Problem requirements :: State the number of lines in the listing below that contain the word "APSR", and nothing besides.

Data excerpts ::
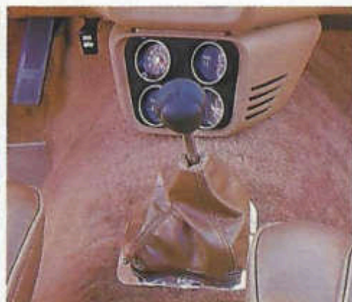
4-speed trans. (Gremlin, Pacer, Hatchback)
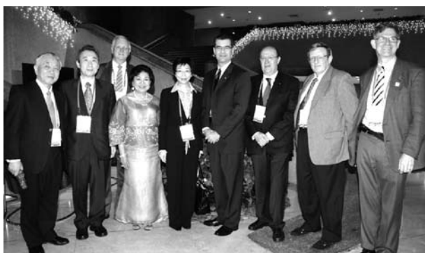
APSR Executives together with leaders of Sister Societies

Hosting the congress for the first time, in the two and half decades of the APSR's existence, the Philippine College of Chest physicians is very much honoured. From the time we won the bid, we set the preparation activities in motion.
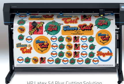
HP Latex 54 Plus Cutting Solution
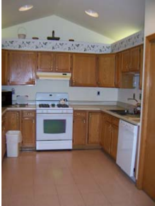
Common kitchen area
---
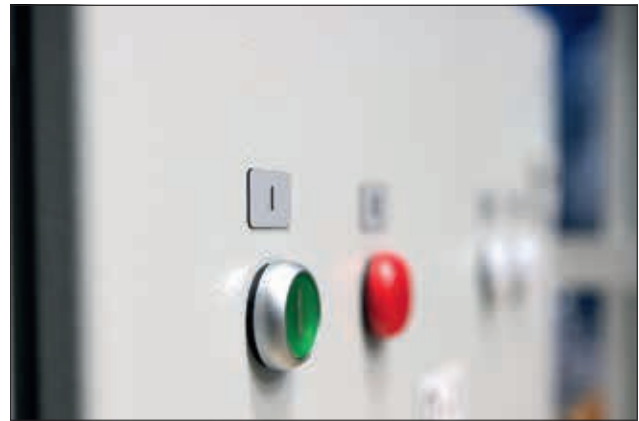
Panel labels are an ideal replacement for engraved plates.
---
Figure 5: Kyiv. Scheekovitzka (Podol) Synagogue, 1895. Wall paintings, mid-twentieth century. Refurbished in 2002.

Your response :: 2